Outraged by the FISA Court operating in secrecy? Then you should be about our civil courts too
By Amy Radon, Staff Attorney
It’s about time for the plaintiffs’ bar to get serious about the issue of court secrecy and take corporate wrongdoers to task when they try to restrict public access to discovery materials, court records, and settlements that belong in the public domain.
After news broke that an eleven-member tribunal established by the Foreign Intelligence Surveillance Act — the “FISA Court” — was “regularly assessing broad constitutional questions and establishing important judicial precedents” without any public scrutiny, many people were outraged. “After the court rules, its findings are almost never made public,” one commentator complained. FISA’s “secretive review process leaves no meaningful opportunities for third parties to point out flaws in the government’s proposal and suggest alternatives,” noted another. And an editorial from the New York Times, which criticized FISA Court proceedings as “utterly opaque to the public,” called on President Obama to support efforts in Congress to require the Court’s opinions to be made public.
If you’re outraged by the fact that a tribunal like the FISA Court can issue secret rulings behind closed doors without any public oversight, you’re clearly not alone. But I hope you’re just as outraged to hear that secret proceedings involving dangerous products, consumer scams, and corporate wrongdoing are happening in our civil courts — both federal and state — across the nation.
Scary thought, right?
Public Justice is no stranger to the issue of court secrecy. We represented the medical journal PLoS Medicine in obtaining public access to volumes of discovery material involving drug giant Wyeth Pharmaceutical’s routine failure to disclose its role in preparing medical studies and articles touting its hormone replacement therapy drug as safe when — in fact — independent studies proved that the drug was deadly. We also represented a Montana father, Richard Barber, in unsealing a decades-old court file that contained evidence dating back to the 1940s, which showed that Remington Arms Company knew of defects in its popular Model 700 rifle that caused the rifle to discharge without anyone pulling the trigger. Mr. Barber’s nine-year-old son Gus had been killed by a Model 700 inadvertent discharge.
Corporate defendants often push hard for secrecy in litigation — through overbroad protective orders, sealed court files and secret settlements — because secrecy enables defendants to hide evidence of the health and safety risks their products pose, and keeps other injured victims in the dark. It shouldn’t be this way, and doesn’t have to be this way. The law is extremely favorable to opponents of court secrecy, and most courts, when confronted with a challenge to court secrecy, understand the importance of a transparent judicial system and will rule for public access.
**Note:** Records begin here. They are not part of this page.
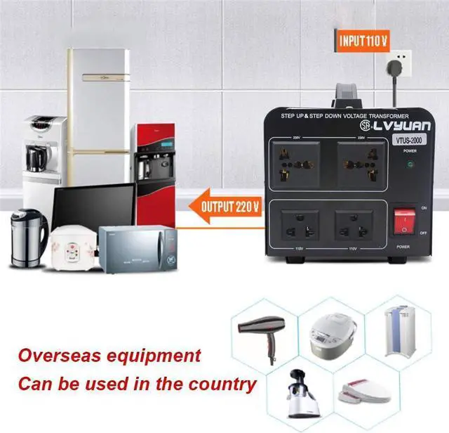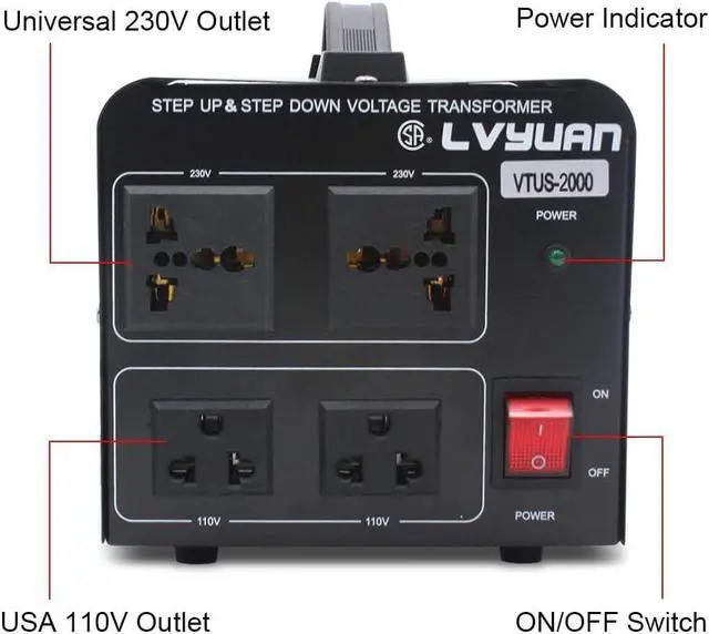 2000 Watts Step Up/Down Voltage Transformer Converter. Step Up Voltage from 110-120 Volts to 220-240 Volts. Step Down Voltage from 220-240 Volts to 110-120 Volts.
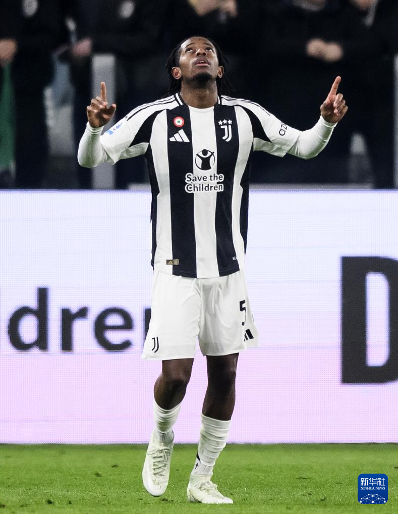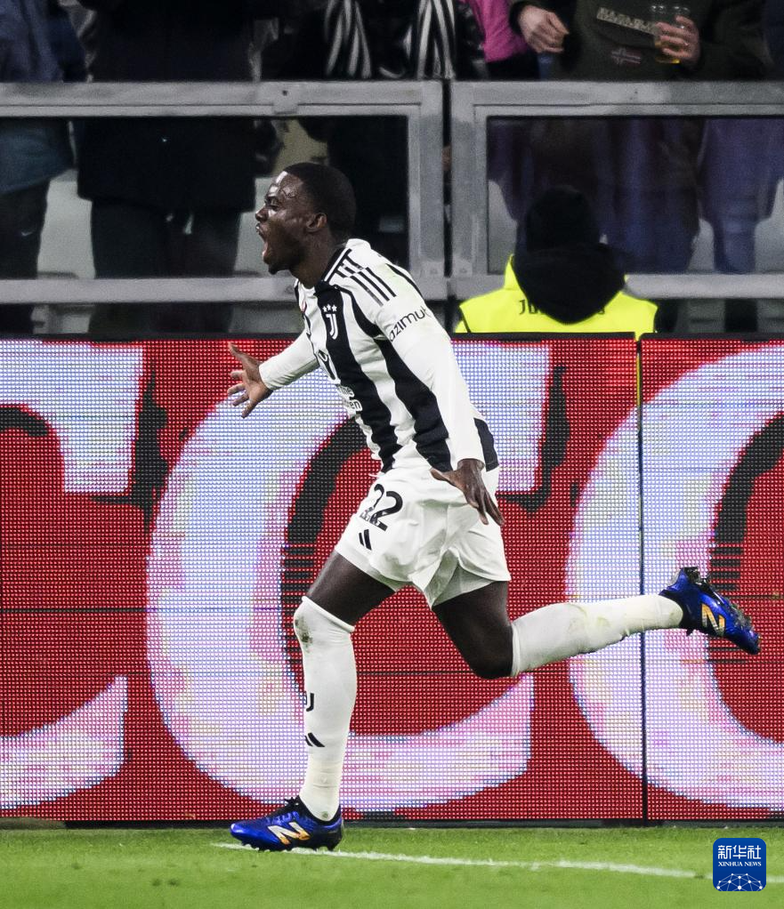 1月18日,尤文图斯队球员蒂莫西·维阿庆祝进球。
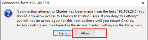 以上設(shè)置完成后,就可以捕捉到手機(jī)請求啦,連接成功后 打開你要測試的APP,進(jìn)行刷新動作,然后Charles會彈出確認(rèn)提示框,這時(shí)候選擇‘Allow’即可,如下圖所示:
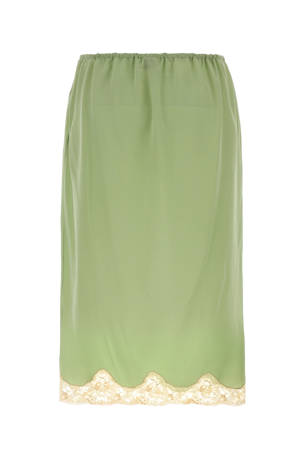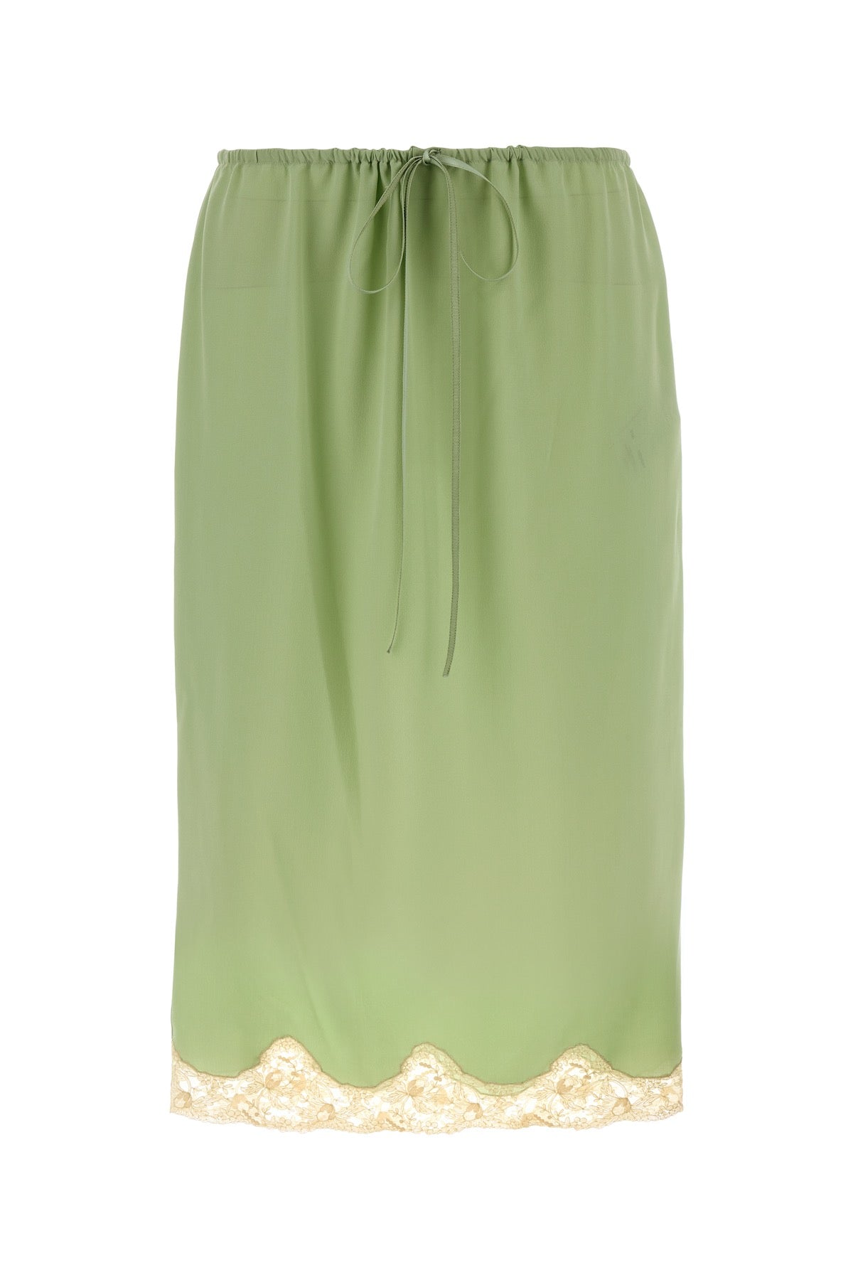 Midi-length skirt realized in pure silk crepe enriched by lacce insert on the hemline.
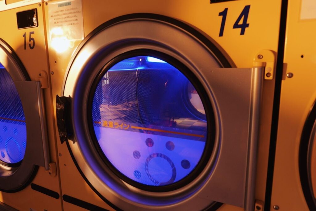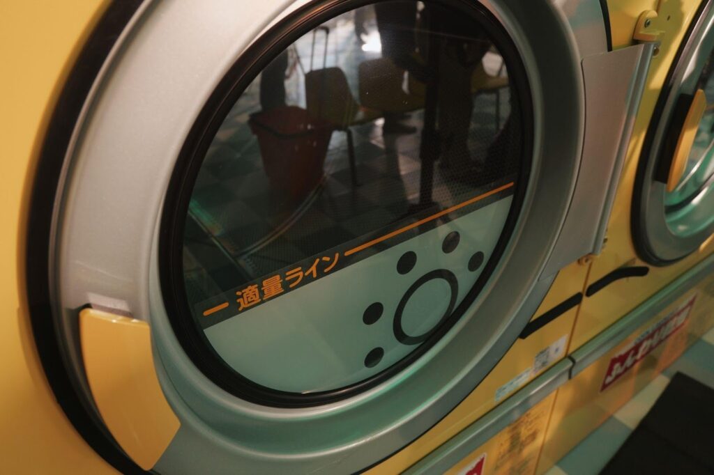 狭いコインランドリーの空間で、被写体との距離を極限まで詰める。
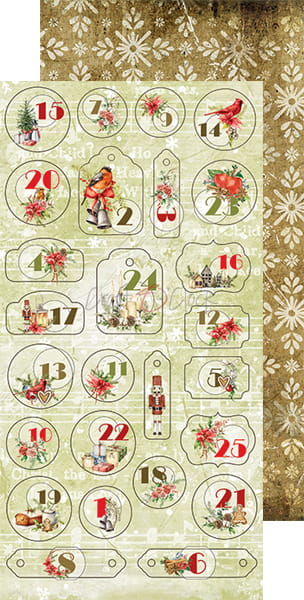 Zestaw 12 arkuszy wysokiej jakości dwustronnego papieru do scrapbookingu z dodatkami do samodzielnego wycięcia - 2x6 wzorów. Rozmiar każdego arkusza: 15,5x30,5cm. Gramatura papieru: 250g/m2. Plus dodatki/karty na odwrocie strony tytułowej.
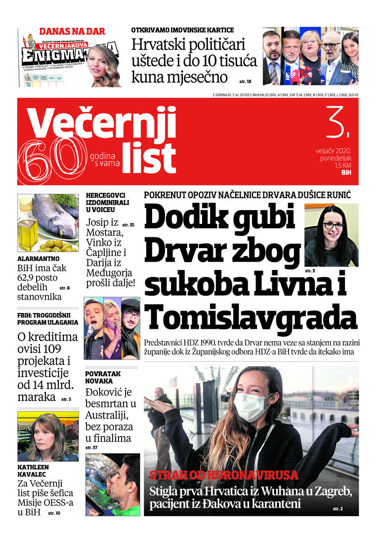 U Večernjem listu BiH u tiskanom izdanju u ponedjeljak, 3. veljače 2020. godine pročitajte:
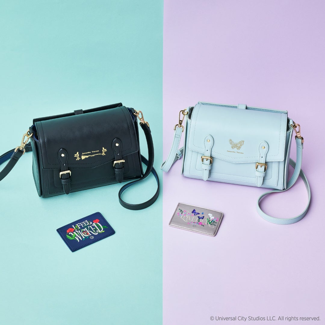 物語の中でエルファバ、グリンダが着用しているドレスをイメージしたカラーがショルダーバッグに。エルファバの魔法を連想させるほうきのモチーフ、グリンダの優美な印象をイメージした光輝く蝶がそれぞれにデザインされていて、ワンポイントに。
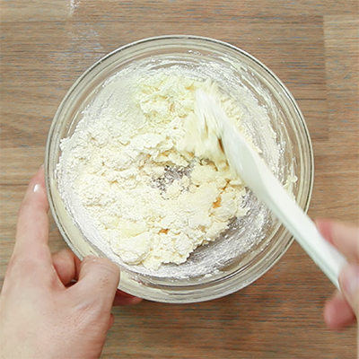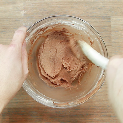 プレーンの生地と同様に生地を作り、ココアパウダーを加えゴムベラで粉っぽさが無くなるまで混ぜ合わせる。 -
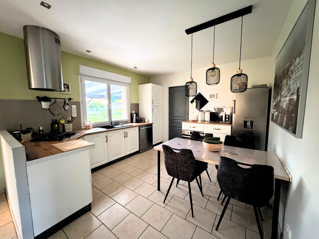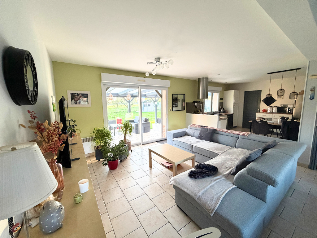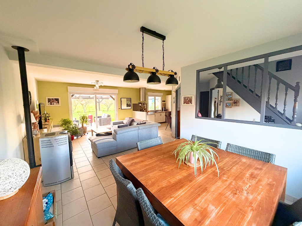 Un hall d'entrée qui dessert un salon séjour avec poêle à pellets ouverte sur cune cuisine dinatoire pour une convivialité assurée.
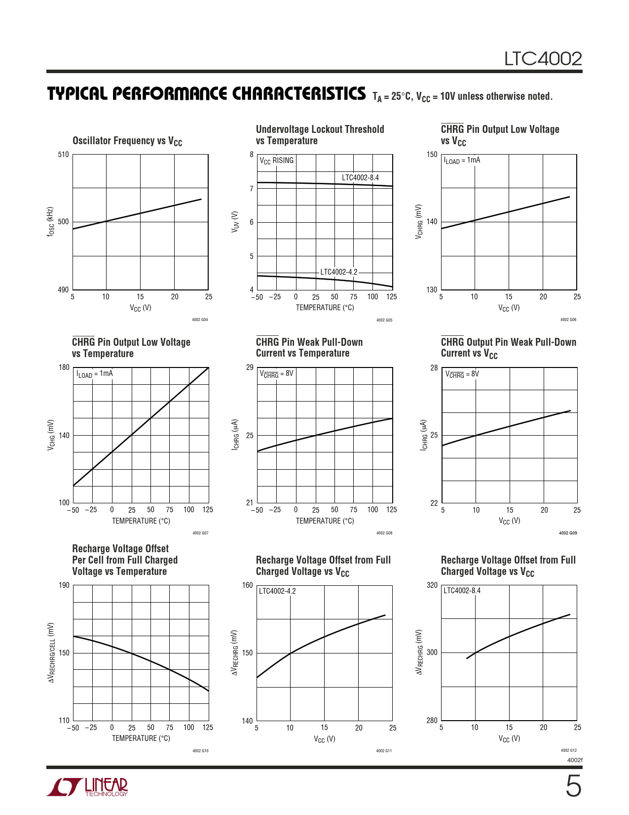 510 8 150 V I CC RISING LOAD = 1mA LTC4002-8.4 7 (V) (mV) (kHz) 500 6 140 UVV f OSC CHRGV 5 LTC4002-4.2 490 4 130 5 10 15 20 25 – 50 – 25 0 25 50 75 100 125 5 10 15 20 25 VCC (V) TEMPERATURE (°C) VCC (V) 4002 G04 4002 G05 4002 G06
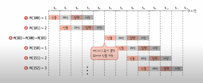 CPU는 같은 단계가 겹치지만 않는다면 CPU는 각 단계를 동시에 실행할 수 있다! 즉 병렬 처리가 가능하다.
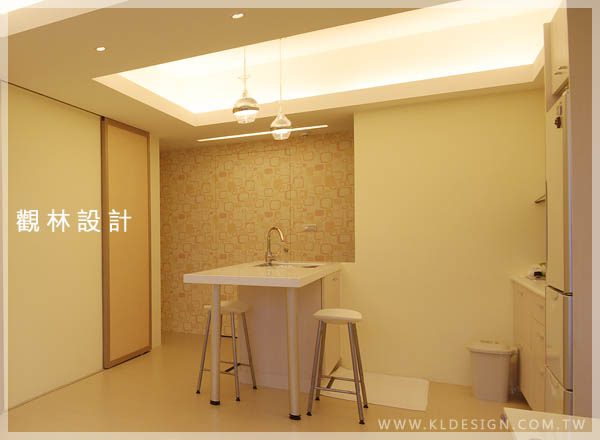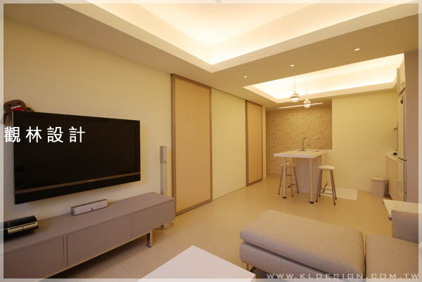 由於大多數的時間都是在上班,所以在居家裝潢上,想要簡單素雅的風格,但在隔間上想要隔出主臥室及客廳,由於女主人希望廚房能有個小吧檯,在兩人下班之餘可以在吧檯上喝咖啡聊聊天,由於小坪數在設計規劃上有許多限制,為了讓空間格局有放大效果,在收納上建議盡量採用電視下方收納櫃及茶几下方收納,不多做系統櫃的設計讓空間較空,另外也可以省去系統櫃的費用,使用訂製家具讓客廳比例合諧,為了突顯天花造型因此做了間接崁燈照明,利用室外自然光及崁燈呼應讓室內燈光柔和,吧檯後方面幾何壁紙讓空間多了點色彩,室內空間由於這些簡單的小設計多了色彩及線條感,搭配吧檯透亮吊燈利用間接燈光為輔,整體營造簡單自然的家中氣氛。
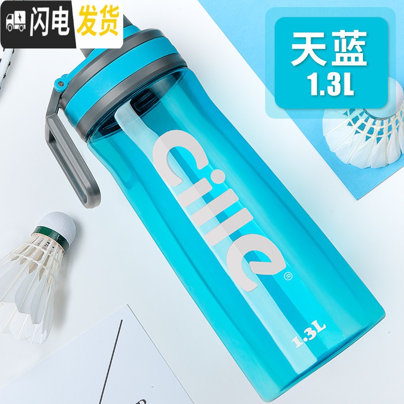 三维工匠超大容量水杯便携塑料杯子简约运动健身水壶大号太空杯男茶杯_554 XL-1611蓝色1300ML有茶隔 默认尺寸¥39.00热销中 -
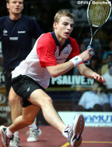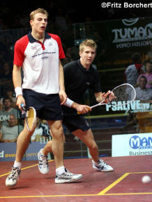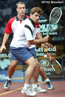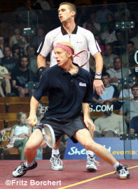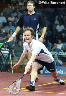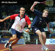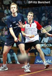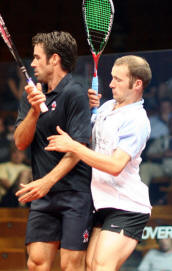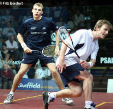 better than Peter Nicol v Nick Matthew. Peter, one of the excellent Eventis team and Nick, local boy made good.
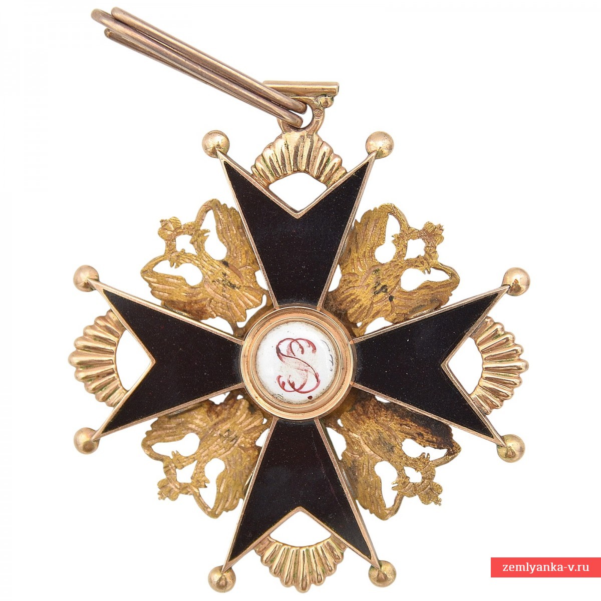 Золото 56 пробы, эмаль. Оригинальный орден в очень хорошем коллекционном состоянии. Предмет относится к категории орденов с «черной» эмалью. Такие кресты изготавливались частными фирмами в период с 1840-х по 1870-е годы, часто «в цвет мундира». Вес 18,7 грамм. Размер 49*54 мм. Гарантия подлинности.

Arguments can be made for and against whether secrecy is justified in the FISA Court, but there’s no excuse for unwarranted secrecy in our civil justice system. If you’re an attorney facing an unjustified confidentiality request from a defendant, please do reach out to Public Justice for help — we’ve provided many attorneys with guidance, briefing and even model protective orders to stop court secrecy in its tracks. If you’re not an attorney, you can urge your legislators to pass sunshine-in-litigation laws that prohibit court secrecy in cases involving matters of public health and safety. As proof that one person can make a difference, Montana’s Gus Barber Anti-Secrecy Act was signed into law thanks to Richard Barber’s efforts to ensure that his elected representatives knew the importance of transparency in our civil justice system.
At least in our civil courts, secrecy should be the rare exception — not the rule.